A primeira parte da trinca de episódios batizada como "Em boa companhia", dedicada às parcerias de Vinicius, enfoca as músicas feitas com Carlos Lyra. Ele ouvia falar de Vinicius muito antes de conhecê-lo, pois seu pai o tinha como poeta favorito. Tornaram-se grandes amigos e até cúmplices, pois Carlinhos (como era chamado pelo parceiro) concebeu com Vinicius o rapto de Nelita Abreu Rocha, a jovem que se tornou a quinta mulher do poeta e foi levada para Paris com ajuda de Tom Jobim e Fernando Sabino. Em entrevista a João Máximo, Carlos Lyra conta histórias divertidas, mas também se recorda da "melancolia profunda, infinita" do amigo, que às vezes dizia querer "desencarnar". "Quando se apaixonava, era uma festa.
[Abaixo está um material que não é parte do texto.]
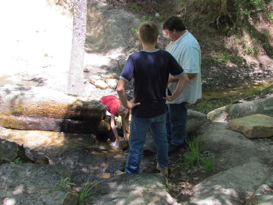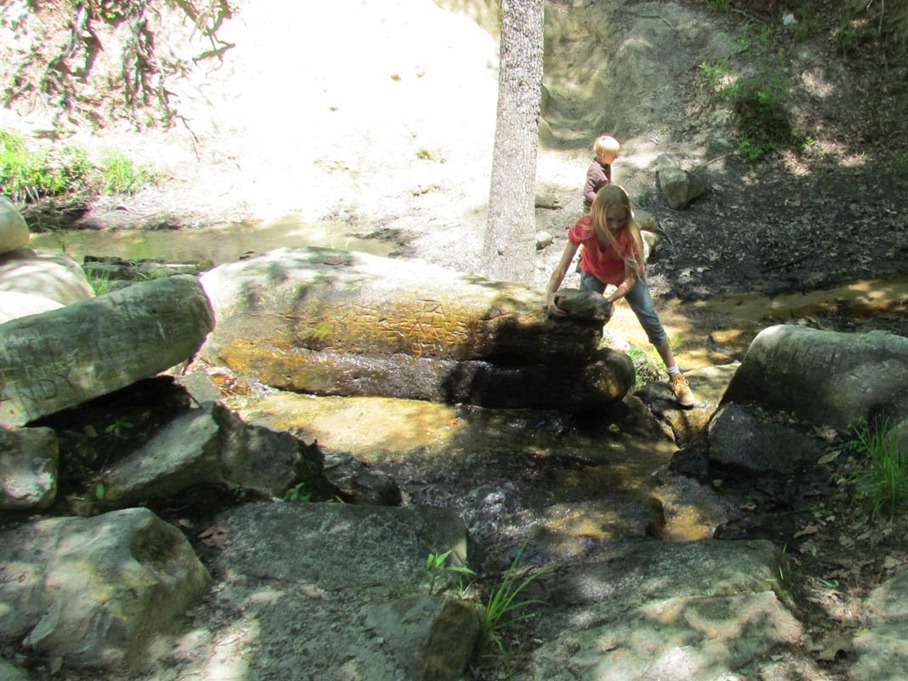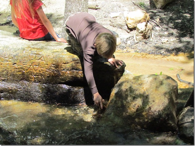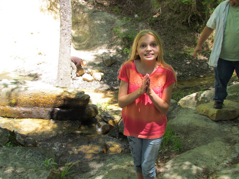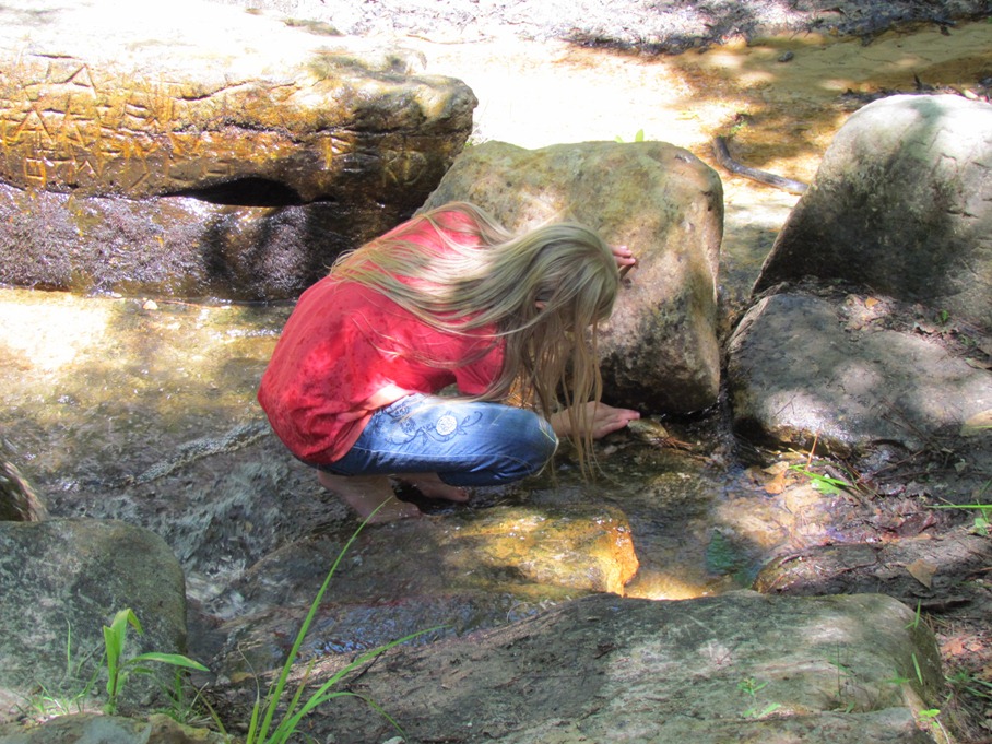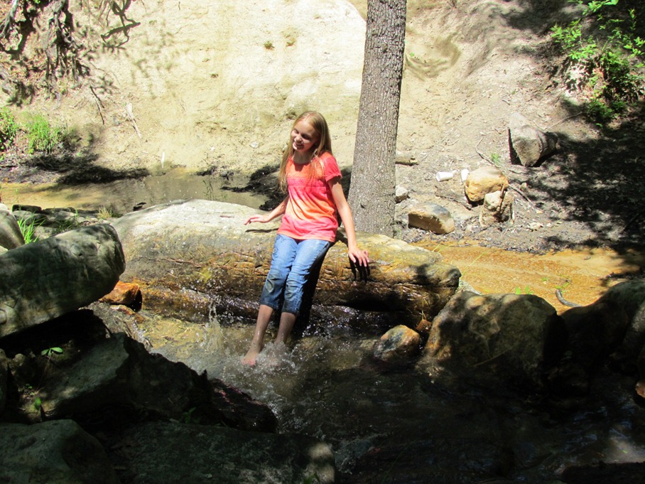 When we arrived to where the spring water comes out of the rock, Stewart jokingly said to Anna, “This could be your bath tub!” So immediately she got to work to “make” a tub out of the rocks.

Mas, quando se desapaixonava, era um funeral." Músicas de amor e também as políticas são ouvidas.

No início do programa, outros parceiros como Tom Jobim, Baden Powell, Chico Buarque, Toquinho, Francis Hime, Edu Lobo e João Bosco falam da generosidade de Vinicius e da importância que ele dava às amizades.

Em boa companhia - 2ª parte

Francis Hime poderia ter se tornado engenheiro; Edu Lobo estudava Direito e cogitava ser diplomata; Chico Buarque mirava na arquitetura. Os três tiveram suas rotas de vida definitivamente desviadas para a música graças a Vinicius de Moraes. Os dois primeiros fizeram as primeiras parcerias com o poeta na casa de Olivia Hime, em Petrópolis. Para Chico, Vinicius era presença frequente em sua casa, por causa da amizade com seu pai, Sérgio Buarque de Holanda ("Ele era adorado lá em casa, um herói"). Os três dão depoimentos neste programa, no qual se ouvem algumas das criações que o letrista fez com eles: entre outras, Sem mais adeus e Teresa sabe sambar (com Francis); Só me fez bem e Canto triste (com Edu); Valsinha e Desalento(com Chico).

 

Em boa companhia - 3ª parte

O programa aborda outras parcerias de Vinicius, menos constantes, mas também significativas. O grande amigo Cyro Monteiro, o maestro Moacir Santos (foto), a cantora Alaíde Costa e os jovens (quando conheceram o poeta) João Bosco e Vicente Barreto estão entre elas. Ainda se lembra a história de Bom dia, tristeza, cujos versos foram entregues por Aracy de Almeida a Adoniran Barbosa, que criou a melodia sem conhecer Vinicius, fato raro na vida de um letrista que gostava de compor junto com os parceiros.

Pobre menina rica

O musical Pobre menina rica começou a nascer após Vinicius ver um mendigo sodomizando outro e, pouco depois, receber uma leva de melodias de Carlos Lyra em que enxergou um encadeamento. Em maio de 1963, em forma de recital, a história estreou na boate Au Bon Gourmet, no Rio, com Lyra e Nara Leão. Na hora de se gravar o disco, um ano depois, Dulce Nunes foi a cantora, já que Nara estava impedida por questões contratuais. A então pouco conhecida Elis Regina foi vetada por Tom Jobim, que acabou cedendo seu lugar de diretor musical a Radamés Gnattali. Até hoje Pobre menina rica não foi encenada como musical, apenas como recital. Este programa apresentado por João Máximo recupera toda a história, que gerou grandes músicas como Maria MoitaSabe você e A primavera.